Required action:
Print all the data that follows exactly, images excluded.
Input material section start
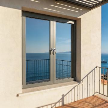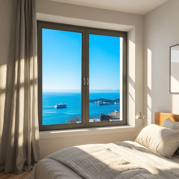 一张现代风格的室内窗户特写照片,采用高清晰度3D渲染技术,光线明亮柔和,以自然光为主,从窗外照射进来,营造出通透、干净的氛围。窗框材质为深灰色金属,表面光滑带有细微的哑光质感,搭配一个金色的金属把手,位于窗框右侧中间位置。窗外是城市景观,有高楼大厦、绿树和街道,但窗户本身的构造为全新设计的样式——[请在此处插入您希望的全新窗户构造描述,例如:上下推拉式双层玻璃窗,带有横向分隔条和内置百叶帘;或左右对开式拱形玻璃窗,边缘有精致的雕花装饰;或不规则多边形全景落地窗,无明显分隔但有隐藏式边框]。室内墙体为纯白色,窗台下是浅色的洗手台一角,整体画面构图平衡,色彩以黑白灰为主色调,辅以窗外的自然绿色和建筑色彩,视觉层级清晰,窗户作为主体被突出展示,细节丰富,真实感强,符合现代家居设计的审美和展示需求。
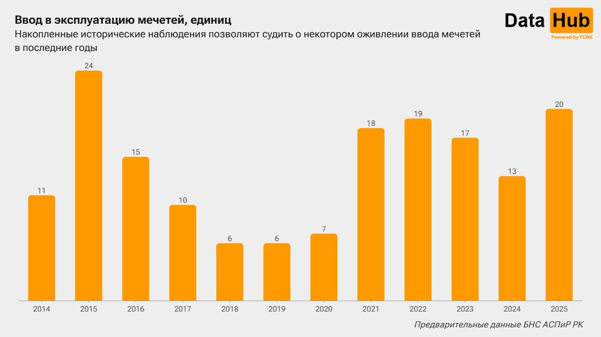 В Казахстане в 2025 году в эксплуатацию было введено 20 мечетей, что на 54% больше, чем годом ранее, передает Data Hub с ссылкой на Бюро национальной статистики Агентства по стратегическому планированию и реформам РК.
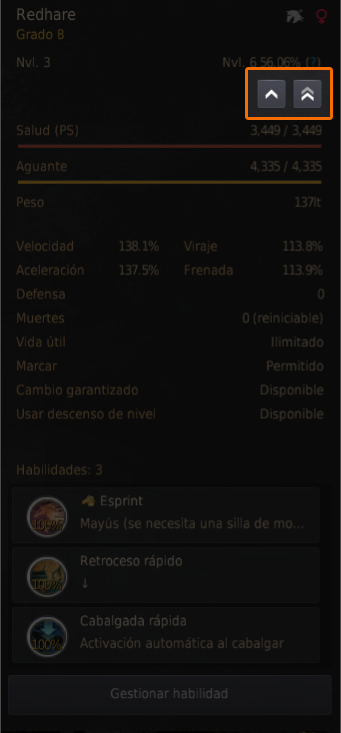 - Al pulsar este botón, verás el nivel máximo que la montura puede alcanzar y, si lo confirmas, esta subirá de nivel.
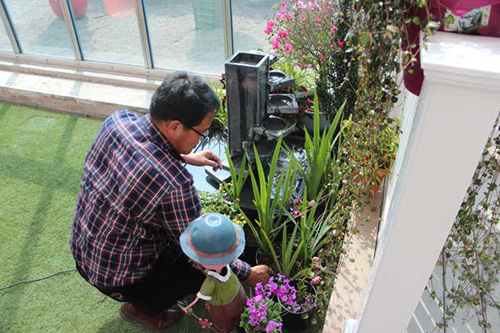 另外,阳台、露台、庭院景观往往依墙体、栏杆而建,故可依托这些构筑物悬挂吊兰、常春藤、扶芳藤等垂吊类植物,还可根据自己的喜好摆放多肉盆栽、组合盆栽,甚至是盆景等。
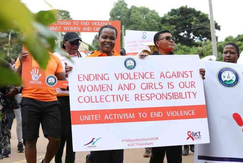 Gender Based Violence survivors and stakeholders match in Kisii town during the launch of 16 days of Gender Activism.(Sammy Omingo, Standard)
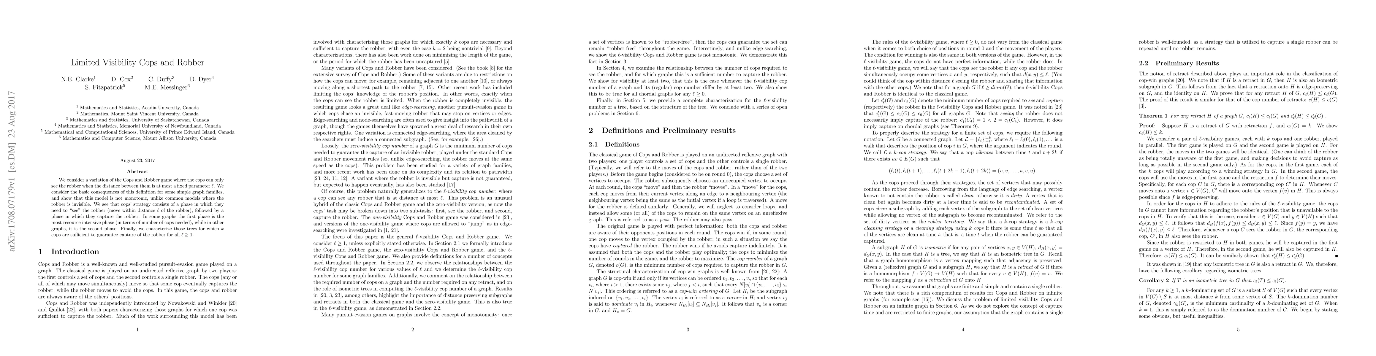 The paper analyzes the 'Limited Visibility Cops and Robbers' game, where cops can only see the robber if within a distance \ell, examining basic consequences for simple graph families.
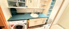 großes Badezimmer mit Badewanne, Spiegelschrank, Waschbecken und WC sowie einer Waschmaschine;
Input material section end
Result for this exercise:
 一张现代风格的室内窗户特写照片,采用高清晰度3D渲染技术,光线明亮柔和,以自然光为主,从窗外照射进来,营造出通透、干净的氛围。窗框材质为深灰色金属,表面光滑带有细微的哑光质感,搭配一个金色的金属把手,位于窗框右侧中间位置。窗外是城市景观,有高楼大厦、绿树和街道,但窗户本身的构造为全新设计的样式——[请在此处插入您希望的全新窗户构造描述,例如:上下推拉式双层玻璃窗,带有横向分隔条和内置百叶帘;或左右对开式拱形玻璃窗,边缘有精致的雕花装饰;或不规则多边形全景落地窗,无明显分隔但有隐藏式边框]。室内墙体为纯白色,窗台下是浅色的洗手台一角,整体画面构图平衡,色彩以黑白灰为主色调,辅以窗外的自然绿色和建筑色彩,视觉层级清晰,窗户作为主体被突出展示,细节丰富,真实感强,符合现代家居设计的审美和展示需求。
 В Казахстане в 2025 году в эксплуатацию было введено 20 мечетей, что на 54% больше, чем годом ранее, передает Data Hub с ссылкой на Бюро национальной статистики Агентства по стратегическому планированию и реформам РК.
 - Al pulsar este botón, verás el nivel máximo que la montura puede alcanzar y, si lo confirmas, esta subirá de nivel.
 另外,阳台、露台、庭院景观往往依墙体、栏杆而建,故可依托这些构筑物悬挂吊兰、常春藤、扶芳藤等垂吊类植物,还可根据自己的喜好摆放多肉盆栽、组合盆栽,甚至是盆景等。
 Gender Based Violence survivors and stakeholders match in Kisii town during the launch of 16 days of Gender Activism.(Sammy Omingo, Standard)
 The paper analyzes the 'Limited Visibility Cops and Robbers' game, where cops can only see the robber if within a distance \ell, examining basic consequences for simple graph families.
 großes Badezimmer mit Badewanne, Spiegelschrank, Waschbecken und WC sowie einer Waschmaschine;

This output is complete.